Что это? Уже? Уже кончилась читка?
Распахнулась дверь. Из кабинета главного режиссера, продолжая оживленный разговор, выходят ведущие мастера. Впереди высокий, седоватый, подчеркнуто элегантный Х л о п у ш к и н ведет под руку П у з ы р е в а. За ними — Н а с т ы р с к а я, З о н т и к о в, И н г а Х р и с т о ф о р о в н а и К у п ю р ц е в. Последней вышла Б е р е ж к о в а, с большой хозяйственной сумкой в руках, и сразу же села на диванчик в углу фойе.
Х о д у н о в (подбегает к Пузыреву). Игнатий Игнатьевич, спасибо! Большое спасибо! (Долго трясет руку.) Поздравляю! В добрый час!
П у з ы р е в (усаживаясь в центре стола). Это что у вас? Пиво?
Х о д у н о в. Десертная водичка… Сейчас будет пиво. Зигфрид, пива!
Х л о п у ш к и н. Ну что ж, друзья мои, рассаживайтесь.
Все с шумом рассаживаются вокруг стола. Бережкова тоже берет кресло и садится рядом с Хлопушкиным.
Я полагаю, чтоб не утомлять Игнатия Игнатьевича, мы не будем долго дискутировать. Тем более, как мне кажется, все ясно!
Г о л о с а. Еще бы!
— Все ясно!
— О чем говорить?
Н а с т ы р с к а я. Не говорить надо, а драться за пьесу!

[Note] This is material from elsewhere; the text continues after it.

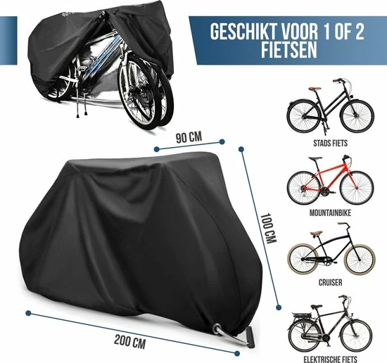 De hoes is 200 x 90 x 100 CM en beschikt over een elastische band. Geschikt voor nagenoeg elke fietsgrootte. De hoes past ook op fietsen met babyzitjes en fietstassen. Past op zowel 1 fiets als 2 fietsen naast elkaar.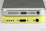 Plastik iPhone ile iPhone 5’in arkaları da tasarım açısından birbirlerine benziyor. Alt kısımlar karşılaştırıldığına iPhone 5’in Lightning portu etrafına yerleştirilmiş hoparlör ve mikrofon ızgaraları belirli bir düzen içerirken plastik iPhone’da bağlantı girişinin sadece bir yanına dört adet hoparlör deliği açılmış. Kulaklık jakının yanında yer alan küçük delik de mikrofon işlevi görüyor olabilir. Bunun dışında her iki cihazda ses tuşları tasarım açısından farklılık gösteriyor. iPhone 5’te dairesel tuşlar kullanılırken plastik iPhone’da ince ve uzun şerit tuşların kullanıldığını görüyoruz.

З о н т и к о в. Обязательно драться! Драться, драться… Тут без драки дело не пойдет. Позвольте мне. (Протягивает руку.)
Х л о п у ш к и н. Вы что, хотите сказать?
З о н т и к о в. Нет… Если позволите, я пока… с сыром. (Берет бутерброд.) А потом скажу, скажу.
Х л о п у ш к и н. Я предлагаю просто, по душам, как говорится, «за пуншевого чашею», обменяться первыми мыслями и, как сказал Борис Семенович, в добрый час!
Х о д у н о в. В час добрый!
Х л о п у ш к и н (вынимает из кармана часы, кладет на стол). Друзья мои! Нынче у нас с вами действительно большой день. К нам в театр пришел художник, талант которого, яркий… самобытный… смелый, мы все знаем, любим, чтим. Надо сказать, что мы, мастера театра, давно ждали этой встречи. Ждала ее общественность, критика, наш зритель. И вот мы… дождались.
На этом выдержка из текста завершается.